Sarà un racconto terra-terra, niente filosofia, solo semplicità e animo del fanciullo. Qualcuno che condivide certe passioni magari lo apprezzerà, molti altri probabilmente no.

Allora non la condivisi con nessuno questa emozione, me ne accorgo solo adesso. Ripeto, è una sciocchezza, eppure è un ricordo così vivo, a distanza di cinquant’anni, di una felicità solo mia , mai raccontata ad anima viva. Chissà perché.

A sedici anni, un ragazzo come me, senza particolari grilli né problemi, aveva un chiodo fisso. No, no, quello è venuto dopo, ora voglio dire la moto.

Le regole di ingaggio, inserite nella routine casa-scuola erano quasi banali: a quattordici anni il cinquantino da cross, botta di vita, iniezione di autostima, prima responsabilità e primo vero strattone al cordone ombelicale; un passaporto indispensabile per far parte del gruppo e libertà di muoversi quasi a piacimento. Ma - i ragazzi sono sempre stati ingordi - se appena se ne intravedeva la possibilità, si stava tesi come belve ad aspettare quel compleanno delle sedici primavere perché lì c’era lo strappo definitivo. Il prima e il dopo. E quindi avevo appunto sedici anni, la patente A che mi bruciava in tasca e mio padre che non so come, non avevo successi scolastici da esibire e non ero neanche troppo petulante, acconsentì a farmi sostituire il motorino con una moto vera. La centoventicinque . E’ solo un numero, ma cambia tutta la prospettiva: va a più di cento all’ora, ha la targa e puoi portare un passeggero. Vai in capo al mondo, se vuoi .

Beh, la farò breve, perché non voglio parlare del lungo periodo di felice tensione iniziato col sì di mio papà e culminato col mio sedere sul sellino, ma concentrarmi su un momento preciso, solo due ore, per la precisione.

La moto in questione la vendeva Giorgio, un amico di famiglia e si trovava in un box a Lanzo d’Intelvi. Era primavera inoltrata e un mattino andammo a prenderla.

Sollevata la saracinesca la vidi: mi sembrò enorme. L’amico armeggiò e scalciò sulla pedivella finché si accese.
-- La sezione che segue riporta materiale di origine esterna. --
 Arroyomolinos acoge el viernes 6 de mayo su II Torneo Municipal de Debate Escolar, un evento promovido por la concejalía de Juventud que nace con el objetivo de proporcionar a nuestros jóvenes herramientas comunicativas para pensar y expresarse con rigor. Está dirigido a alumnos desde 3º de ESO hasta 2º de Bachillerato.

E quel rumore sordo, possente, così diverso dal suono argentino del mio motorino mi diede il capogiro . Vabbè, lo so che fa ridere, era una Gilera 125 5V del 1968, mica una moto da gran premio, ma allora è inutile che ve lo racconti, se fate così.

Torniamo alla felicità, che è meglio: no, non era esplosa, non ancora, adesso era un misto di eccitazione e di paura e poi c’era lì mio padre, l’amico…dovevo fingere dignità; parlavano, ma io non li ascoltavo.
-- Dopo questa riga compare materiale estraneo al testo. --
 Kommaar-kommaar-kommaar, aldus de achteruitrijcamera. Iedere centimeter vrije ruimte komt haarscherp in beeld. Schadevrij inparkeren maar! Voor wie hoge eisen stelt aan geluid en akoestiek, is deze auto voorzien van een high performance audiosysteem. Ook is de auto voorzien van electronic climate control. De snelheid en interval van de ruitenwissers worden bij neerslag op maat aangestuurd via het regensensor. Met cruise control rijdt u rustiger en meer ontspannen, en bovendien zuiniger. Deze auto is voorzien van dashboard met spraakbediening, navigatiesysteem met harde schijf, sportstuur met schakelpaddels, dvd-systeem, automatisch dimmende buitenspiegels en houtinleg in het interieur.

La moto era sul cavalletto, borbottava al minimo: ci salii come si scala una montagna amica, ma si sa pericolosa. Era tutto diverso, più grande, più morbido, più non lo so. La pedivella del cambio sulla destra e l’innesto della prima verso l’alto (al contrario del 90% delle moto, ma la scuola italiana allora voleva così) furono scogli superati all’istante; a sedici anni si è molto svegli

Ricordo poi la fretta, la frenesia quasi al limite della scortesia: padre, ti saluto, non starmi dietro che mi metti l’ansia, né davanti, che vai fuori strada tu sui tornanti della Sighignola.

Breve battibecco, ma ci accordiamo: lasciami, ci vediamo a Milano. Vai piano.

Ed è qui che inizia la famosa parentesi di due ore di felicità . Dieci minuti guardinghi, la strada è brutta, sono in seconda in discesa e va già più forte del mio motorino. Ha cinque marce, se tanto mi dà tanto mi strapperà le braccia, in rettilineo. Finalmente un falsopiano: terza, quarta. No, non è possibile, non finisce mai, va come un treno e lo sto guidando io, il treno.

La strada vola sotto di me, c’è poco traffico, azzardo un sorpasso, uno di quelli che col vecchio motorino sarebbe stato una lunghissima sequenza di speriamo-non-arrivi-nessuno-di-fronte-che-mi-pareva-andasse-più-piano e invece ora è solo un piccolo angolo di polso sulla manopola e sfilo via in un attimo. E i freni, i freni sono incredibili (adesso, con quei due minuscoli freni a tamburo mi verrebbe l’infarto ogni secondo, abituato a quelli moderni a doppio disco), sono in sella da mezz’ora e già la sento fatta su misura. Un guizzo di lucidità mi riporta alle ultime parole sentite a Lanzo: “Fai benzina, che è quasi a secco”. Ecco un distributore. Mi fermo lentamente, con mestiere, come Steve Mc Queen; tolgo i guanti adagio, ma resto sulla moto perché ho paura di non riuscire a metterla sul cavalletto e oggi di figuracce non se ne possono fare. Il pieno. Pago come paga un uomo, saluto e via.